Evidence-Based Management
Acute Treatment (ICHD-3–Aligned Recommendations)
Goal: Rapid, sustained pain-free function with minimal recurrence.
| Class | Agents | Key Evidence |
|---|---|---|
| First-line: NSAIDs + Antiemetics | Ibuprofen 400 mg, naproxen 500 mg + metoclopramide 10 mg or domperidone 10 mg | Cochrane Review (2023): NNT = 4–6 for pain relief at 2 h |
| Triptans | Sumatriptan 50–100 mg (oral), rizatriptan 10 mg, frovatriptan (for prolonged aura) | Effective if given early; avoid in hemiplegic/basilar migraine (theoretical ischemic risk) |
| Gepants (CGRP antagonists) | Ubrocutant 50 mg, rimegepant 75 mg (ODD), atogepant (off-label acute use) | AMBASSADOR trial (Lancet 2023): Ubrocutant superior to placebo; no vasoconstrictive risk |
| Antiemetics with analgesic properties | Metoclopramide 10 mg IV (FDA-approved for migraine) | NNT = 5.4 for pain relief at 2 h |
Important: In hemiplegic/basilar migraine, avoid vasoactive agents (triptans, ergots). Prefer NSAIDs + antiemetics ± IV fluids.
Preventive Therapy (Indications)
≥4 headache days/month or ≥1 disabling attack with poor acute response (Silberstein et al., Headache 2021 guidelines).

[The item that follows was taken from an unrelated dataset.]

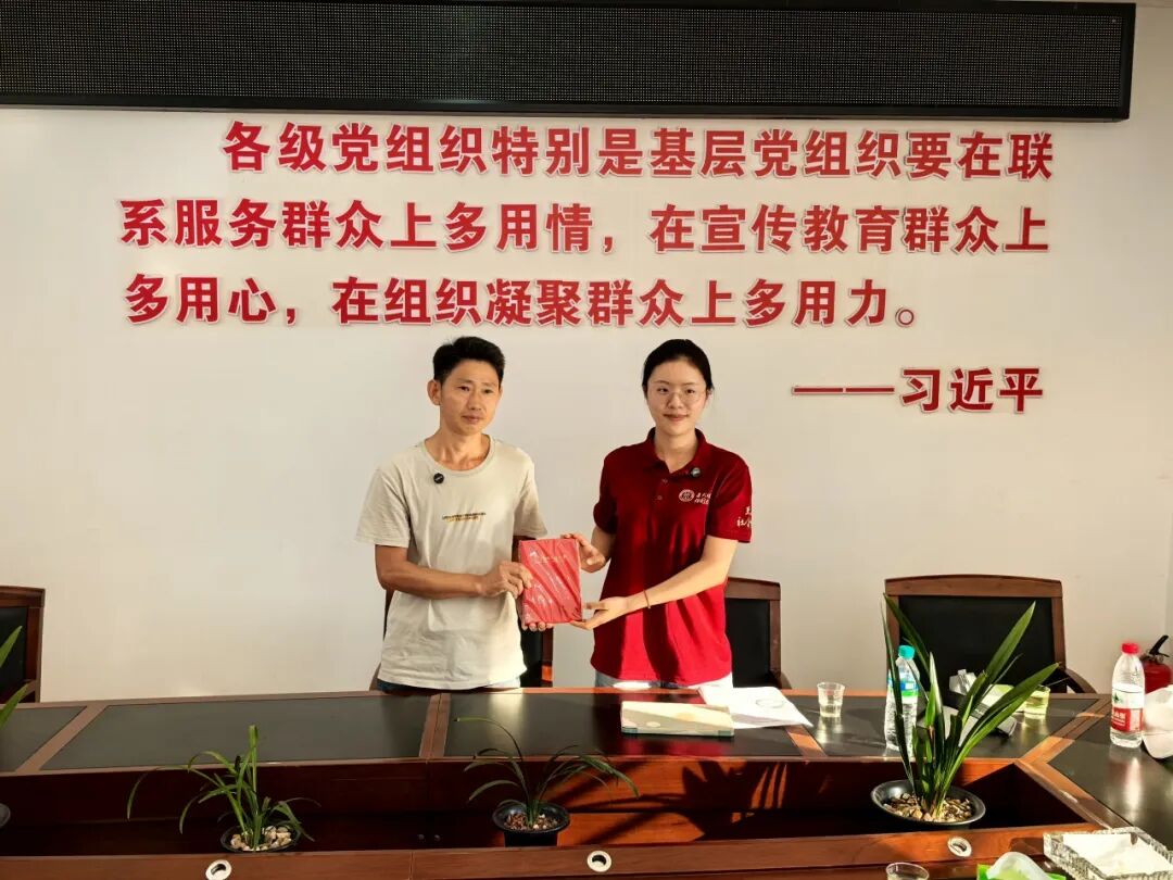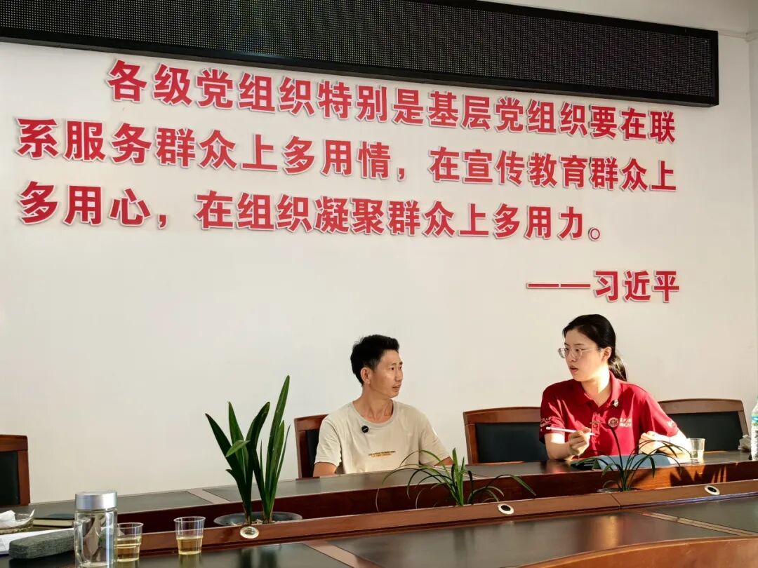 ▲中国人民大学应用经济学院本科生蒋予凡访谈红峰村第一书记郭健锋
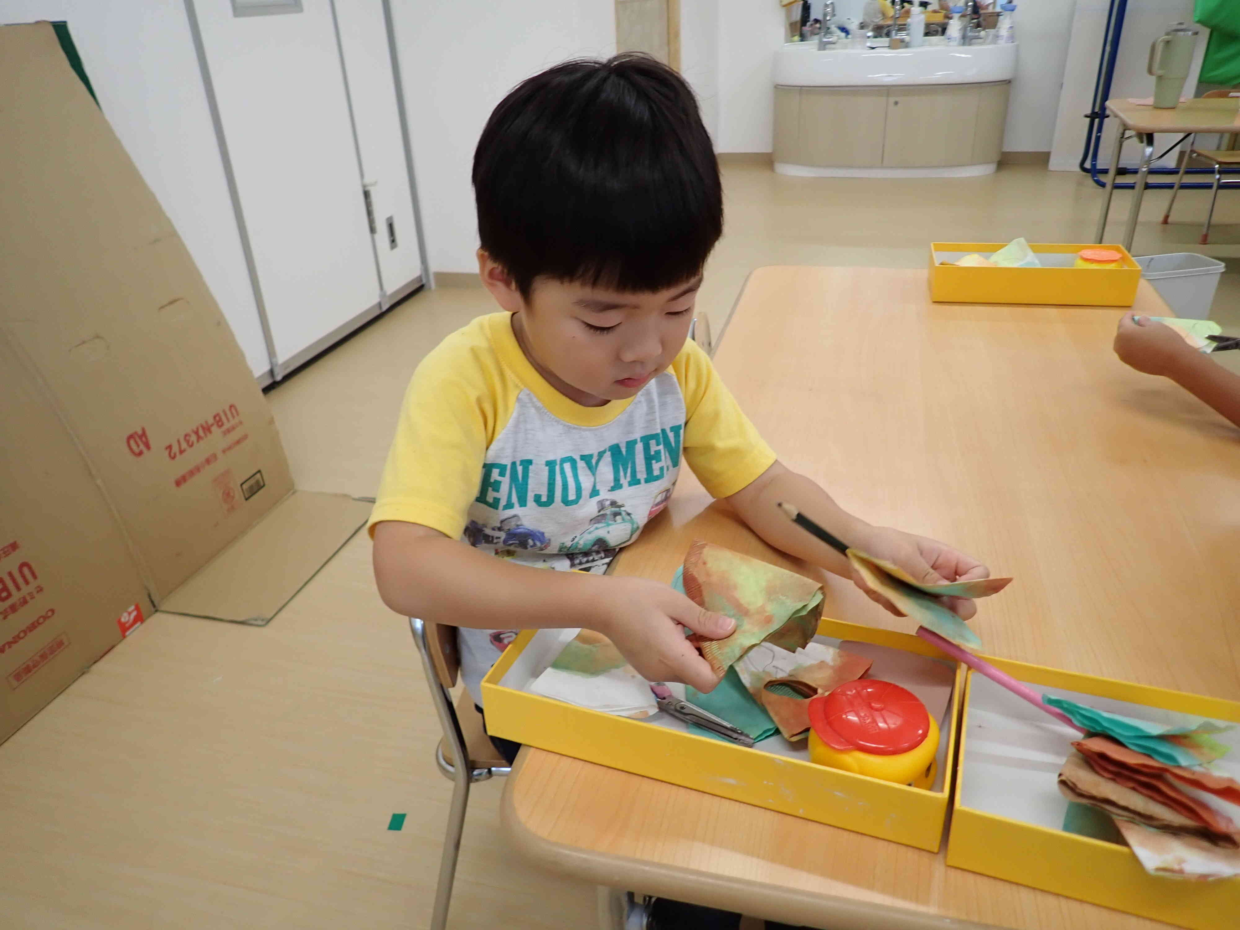 折り紙がとっても上手なきりん組さんには難易度がアップしたフクロウ折りに挑戦!

| Agent | Dose | Evidence Strength |
|---|---|---|
| First-line oral | ||
| Propranolol | 80–240 mg/day | Level A (efficacy established) |
| Topiramate | 50–100 mg/day | Level A |
| Valproate | 500–1000 mg/day | Level A (avoid in women of childbearing age) |
| Monoclonal Antibodies | ||
| Erenumab (CGRP-R mAb) | 70 or 140 mg SC monthly | Level A; significant reduction in MMD by ≥50% in 50–68% (STRIVE, LIBERTY trials) |
| Fremanezumab | 225 mg SC monthly or 675 mg quarterly | Level A |
| Galcanezumab | 120 mg SC loading, then 100 mg/month | Level A |
New in 2024: Atogepant (oral CGRP antagonist) now approved for preventive use—ELEVATE trial showed mean MMD reduction of -4.2 days vs. -2.5 placebo (N Engl J Med 2023;389:1179–89).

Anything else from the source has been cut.